Student Loan Deal in Congress May Spell Trouble for Alumni Lenders

Sen. Tom Harkin, chair of the Senate Education Committee, announcing that an agreement has been reached on rates for government student loans. Photograph by J. Scott Applewhite/AP Photo

Updates with details of July 31 House vote on student loan compromise bill and clarifies proposed student loan rate.

New student loan interest rates that won Congressional approval Wednesday may soon undercut those on alumni-sourced loans—a lending concept that has gained popularity among MBAs at Harvard, Stanford, Northwestern, and the University of Pennsylvania.

If the changes are approved by President Barack Obama, who supports the Bill, B-school students would likely save money by exhausting graduate Stafford loans before turning to alumni-sourced options.

The Senate passed a student loan compromise last week that ties interest rates to yields on 10-year Treasury notes. Under the proposal, graduate students taking out federal Stafford or PLUS loans in the coming school year would pay rates of 5.41 percent and 6.41 percent, respectively, down from 6.8 percent and 7.9 percent.

The proposed Stafford rate would beat some of those offered by San Francisco-based Social Finance (SoFi) and Brooklyn’s CommonBond—startups that issue loans by raising money from a school’s alumni. Such lenders focus on MBAs at selective schools where students are less likely to default. They advertise returns to loan pool investors that beat those on money market savings accounts, with the added perk of helping students at the investors’ alma maters.

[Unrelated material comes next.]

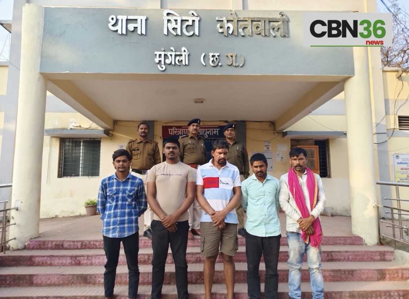 गिरफ्तार आरोपियों में अजय देवांगन पिता जुगरू उम्र 40 वर्ष निवासी शिक्षक नगर अम्बेडकर वार्ड मुंगेली कृष्ण कमल डाहिरे पिता रघुराज उम्र 22 वर्ष निवासी पड़ाव चौक मुंगेली कोमल यादव पिता बालाराम उम्र 22 वर्ष निवासी वार्ड क्रमांक 21 खर्रीपारा किशोर ध्रुव पिता स्व. राजेन्द्र  36 वर्ष निवासी झझपुरी खुर्द थाना जरहागांव अमित साहू पिता स्व.बाबुराम उम्र 38 वर्ष निवासी झझपुरी खुर्द थाना जरहागांव शामिल हैं।

Proposed federal rate changes “certainly present challenges for us on in-school lending,” says SoFi’s chief executive, Mike Cagney.  He adds that the company has pulled back on plans to expand in the undergrad market, where the federal Stafford rate may drop to 3.86 percent from 6.8 percent.

The proposed rate changes would not affect SoFi’s primary clientele, which are MBA graduates looking to refinance. Cagney says refinanced loans account for 90 percent of the company’s lending activity, and he expects that to rise to 95 percent. At CommonBond, the figure is 70 percent. The market likely presents the greatest immediate growth opportunity for such lenders.

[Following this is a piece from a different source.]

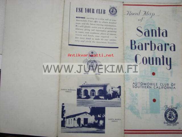 Santa Barbara County Road map (Automobile Club of southern California) -tiekartta

“There are limited refinancing options out there right now,” says Scott Valentin, an analyst covering Sallie Mae for FBR Capital Markets. Valentin cites one private consolidation product offered by First Marblehead and SunTrust Banks, where the advertised fixed rate ranges from 7 percent to 10.25 percent, compared with SoFi’s 5.74 percent.

On new loans, Valentin predicts that the alumni lenders can’t lower their rates too sharply without eating into the return promised to investors and risking defections. “What it comes down to is, ‘What’s driving the investor?’” he says. “Is the philanthropic part 95 percent of the investment decision, or is the return more important?”

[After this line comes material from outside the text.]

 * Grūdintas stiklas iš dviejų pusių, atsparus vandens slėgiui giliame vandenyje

Alumni-sourced loan providers continue to weigh other expansion options ahead of probable rate changes. CommonBond says it may soon roll out a consolidation product that targets undergrads of highly selective schools. Cagney says SoFi will introduce a floating-rate product in coming weeks and adds that the company may adjust rates on its in-school loans.

Longer term, Cagney says a federal switch to variable student loan rates means alumni-sourced products could be more competitive should rates rise. The company continues to expect it will lend $750 million for the remainder of the calendar year. CommonBond expects to lend up to $100 million over the 2013-14 school year.

Valentin, however, is skeptical that such lenders will make a significant long-term dent in the $1 trillion student loan market and draws comparisons between alumni-sourced lenders and peer-to-peer consumer lending firms such as Prosper Funding.

“On paper it sounds excellent, and they’ve grown, but overall they haven’t had a huge impact,” he says. ”It’s a drop in the bucket.”